Iqbal ‘deserves everything’
Hamer, who spent 24 years at Sale United, added: “It was a great experience just to have him under our care and guidance, and it’s just been great to know him ever since.
“It was great when he first joined Manchester United – and to be fair to him and his family, they have kept in touch, right the way up to his United debut, which is good.
“I have seen quite a few of his academy games from when he was a nipper right the way through to his debut. It’s just been great to see that development, but he deserves everything.”
‘Monumental for South Asians in the game’

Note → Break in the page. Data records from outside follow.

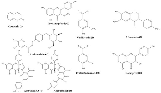 In the phytochemical analysis of the ethanolic extract of the bark of A. cearensis performed by Canuto and Silveira [33], the presence of several compounds was identified, such as coumarin; the phenolic acids vanillic acid and protocatechuic acid; flavonoids afrormosin, isokaempferide, kaempferol, quercetin, and 4′-methoxy-phiseti; and the phenolic glycoside amburoside A and a mixture of glycosylated β-sitosterol and stigmasterol. Canuto et al. [34] identified amburoside A and six new amburosides (C-H): 6-coumaryl protocatechuate, 6-hydroxycoumarin, isokaempferide, formononetin, vanillic acid, and (E)-o-coumaric acid. Leal et al. [35] also identified protocatechuic and vanillic acids in addition to coumarin and amburoside A. Sá et al. [36] showed the presence of 4-methoxy-3-methylphenol and tricyclene as well as the terpenoids α-pinene, β-pinene, and 4-hydroxybenzoic acid.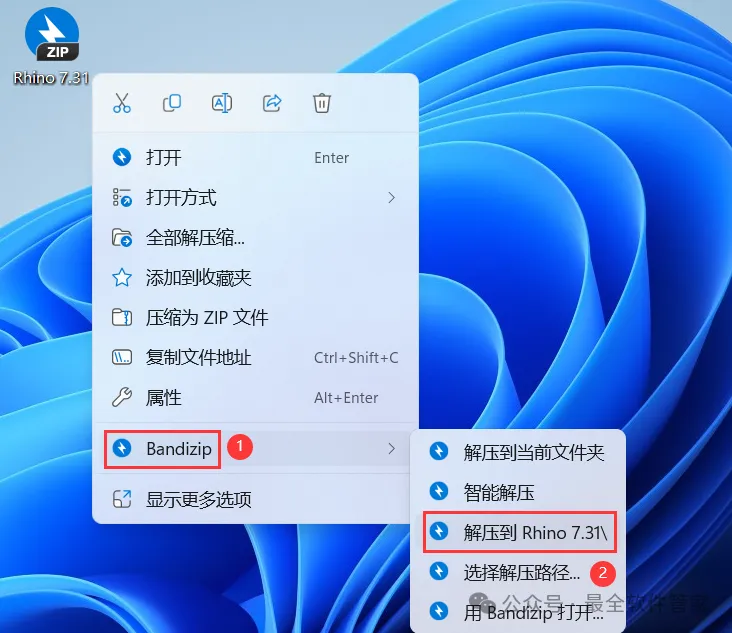 1、下载Rhino 7.31软件安装包到电脑上,右键选择【解压到Rhino 7.31\】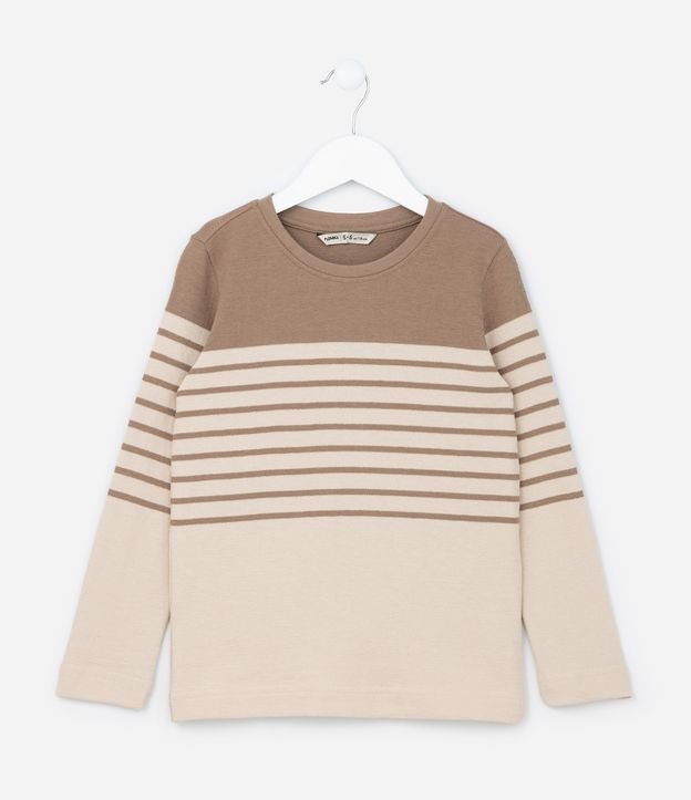 Camiseta Infantil Listradas com Bloco de Cores - Tam 5 a 14 anos Marrom

Official England supporters’ group Apna England told Sky Sports News Iqbal’s surprise appearance for Manchester United was a great day for football
“This is obviously a proud moment for everyone associated with Manchester United Football Club but it is also absolutely monumental for South Asians in the game,” a spokesperson said.
“Zidane Iqbal is an exceptional talent, whose commitment, work-ethic and dedication to making it at the highest level has been rewarded by one of the biggest clubs in world football.
“With urgent action required to tackle inequalities that persist across football, there is no better way to inspire change than by highlighting those that are blazing a trail in our game.
“Seeing Zidane Iqbal out there making history will no doubt inspire millions across the world. It’s a great day for the community – and a great day for football.”
Sky Sports News last month revealed England face the prospect of missing out on the United teenager, with Iraqi football chiefs keen to secure the teenager’s services at senior international level.
Iqbal was called up to play for the Iraqi U23 side at last month’s WAFF (West Asian Football Federation) Championship, helping them reach the semi-finals before their elimination to Saudi Arabia. Iqbal also featured against United Arab Emirates, and took the captain’s armband before scoring against Lebanon.
He is eligible to represent England, Iraq and Pakistan at international but has never been called up to an England age-group squad.
The teenager netted for the club’s youngsters against Sunderland in the EFL Trophy in October, and followed that up by scoring United’s opener in their 4-2 UEFA Youth League win against Italian side Atalanta.
Iqbal is one of five British South Asian Premier League footballers on a full-time professional contract alongside Leicester City’s Hamza Choudhury, Aston Villa’s Arjan Raikhy, Tottenham’s Dilan Markanday and Wolves defender Kam Kandola.